**ACTIVITY**
Unless a line falls after the one with "While calculating the", retype it exactly from the records below; leave out all pictures.

**INPUT MATERIAL**
····················

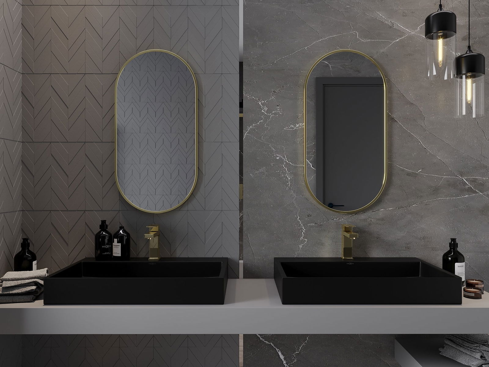 Mexen Loft oval bathroom mirror 80 x 40 cm, gold frame - 9851-080-040-000-50
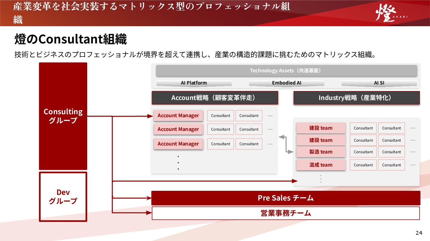 営業事務チーム Account戦略(顧客変⾰伴⾛) Industry戦略(産業特化) AI Platform Dev グループ Account Manager … Consultant Consultant Account Manager … Consultant Consultant Account Manager … Consultant Consultant • • • 建設 team … Consultant Consultant 建設 team … Consultant Consultant 製造 team … Consultant Consultant 混成 team … Consultant Consultant • • • Technology Assets(共通基盤) Embodied AI AI SI
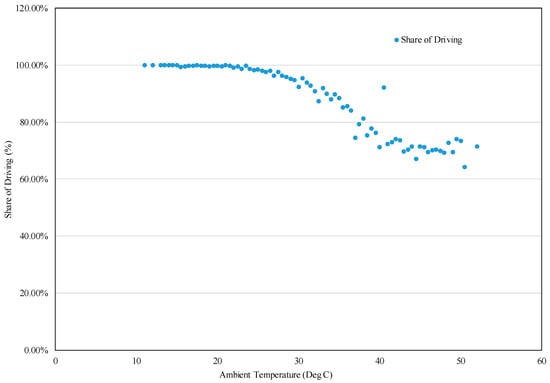 While calculating the effective energy used for driving, the results did not match the manufacturer’s specifications during the summer. The utilization of energy matched the manufacturer’s specifications until the ambient temperature reached 30 °C (Figure 5). Once the ambient temperature crossed that threshold, the driving share started declining to as low as 64%. This could be one of the reasons behind the performance deviation between summer and winter data.
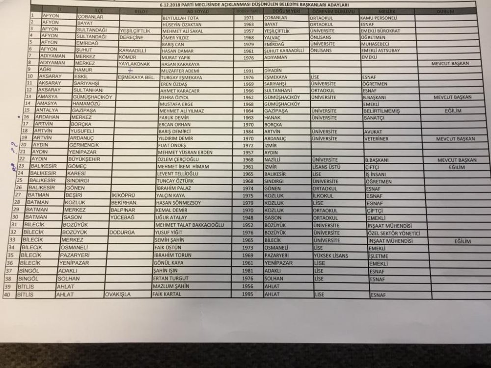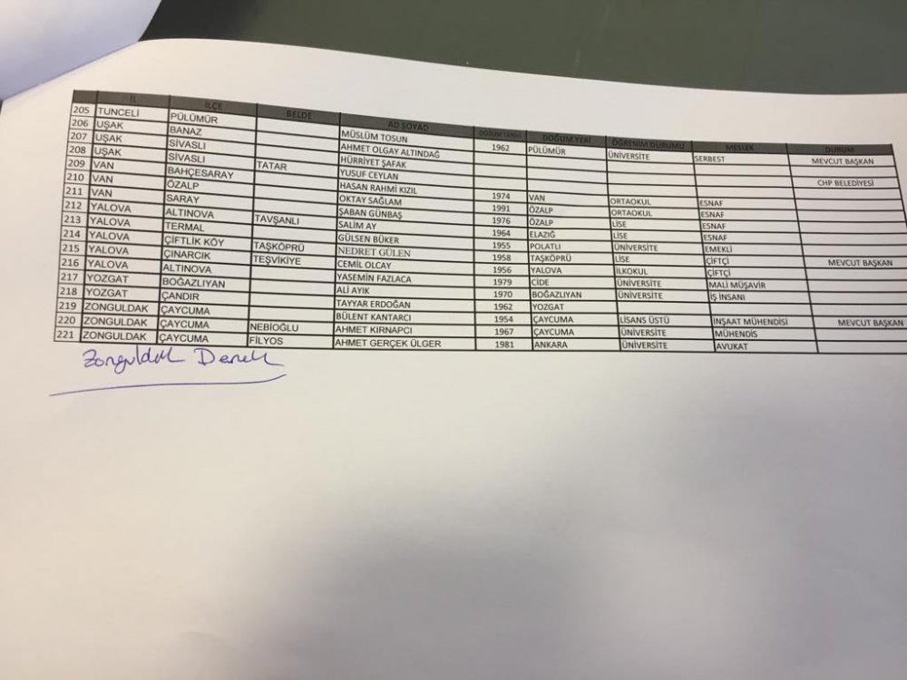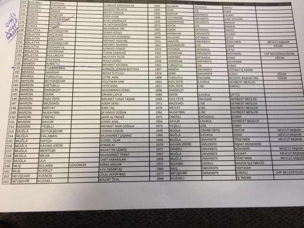 CHP'de belediye başkan adaylarının belirlenmesi için hareketli saatler yaşanıyor. CHP Parti Meclisi, CHP Genel Başkanı Kemal Kılıçdaroğlu başkanlığında toplandı. CHP MYK’den geçen liste Parti Meclisi’nin onayına sunulurken, kritik toplantının ardından 300 belediye başkan adayının daha açıklanması bekleniyor.Öte yandan kulislere adaylıkları netleşen ilk isimler de yansımaya başladı. Cumhuriyet'in edindiği bilgilere göre; Edirne, Hatay, Sinop, Çanakkale, Eskişehir, Karaman, Kırşehir, Mardin, Muğla, Konya-Ereğli, ve Tunceli adayları belli oldu.İşte şuana kadar isimleri netleşen CHP'nin aday listesi:Edirne: Recep GürkanHatay: Lütfü SavaşSinop: Barış AyhanÇanakkale: Ülgür GökhanEskişehir: Yılmaz BüyükerşenKaraman: Emin EgeKırşehir: Selahattin EkicioğluMardin: Süleyman SarıMuğla: Osman GürünKonya-Ereğli: Bülent Ecevit TatlıdilTunceli: Yusuf Kenan Aydın
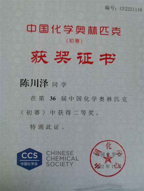 由中国化学会主办,吉林省化学会、吉林大学共同承办的第36届中国化学奥林匹克竞赛成绩揭晓,威海一中6名参赛学子取得佳绩。其中,陈川泽获全国二等奖,王垚超、姜寒、张函瑞获全国三等奖,张嘉琦、张晋豪获山东省二等奖。由于组织得力、成绩突出,威海一中、指导教师杨慧娇,受到中国化学会的表彰。 佳绩的取得,饱含着师生共同努力拼搏的汗水,是威海一中师生精益求精不懈追求的体现,是威海一中立德树人、因材施教所结的硕果。威海一中化学组的老师们立足学生高中三年学业规划,从高一便开始启动竞赛选拔,开设竞赛社团,选派段兴超老师利用校本课时间对学生进行专业训练,培养学生学科思维,提升学生化学素养。在化学组的集体努力下,邵国波老师与杨慧娇老师通力合作,成功组织学生参加本次竞赛,为学生的长远发展助力,为学校的高质量发展增光添彩。
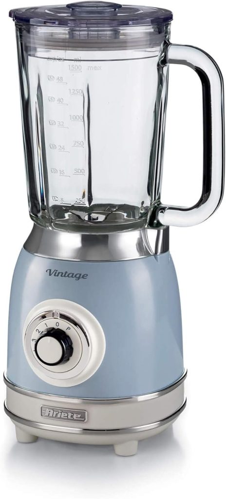 Ariete 583, Liquidificador Vintage Azul, Copo de Vidro 1.5 L, 4 Lâminas de Aço Inoxidável, 4 Velocidades + Pulso, 1000 Wats - 220V
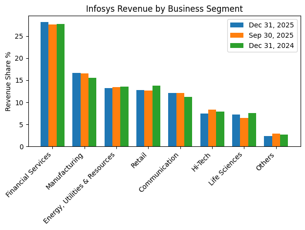 Infosys (NYSE: INFY), a leading Indian IT services company, reported Q3 FY2026 revenue of $5.1 billion, reflecting 3.2% year-over-year growth on a reported basis and 1.7% in constant currency. Net profit dipped 2.2%, while the reported operating margin declined to 18.4%, primarily due to India’s new labor code; however, the adjusted margin excluding this impact stood at 21.2%. Growth was driven by strong performance in the financial services, manufacturing, and communication sectors. The company raised its full-year revenue guidance to 3.0–3.5%, citing robust demand.

····················

**EXERCISE RESPONSE**
 Mexen Loft oval bathroom mirror 80 x 40 cm, gold frame - 9851-080-040-000-50
 営業事務チーム Account戦略(顧客変⾰伴⾛) Industry戦略(産業特化) AI Platform Dev グループ Account Manager … Consultant Consultant Account Manager … Consultant Consultant Account Manager … Consultant Consultant • • • 建設 team … Consultant Consultant 建設 team … Consultant Consultant 製造 team … Consultant Consultant 混成 team … Consultant Consultant • • • Technology Assets(共通基盤) Embodied AI AI SI
 While calculating the effective energy used for driving, the results did not match the manufacturer’s specifications during the summer. The utilization of energy matched the manufacturer’s specifications until the ambient temperature reached 30 °C (Figure 5). Once the ambient temperature crossed that threshold, the driving share started declining to as low as 64%. This could be one of the reasons behind the performance deviation between summer and winter data.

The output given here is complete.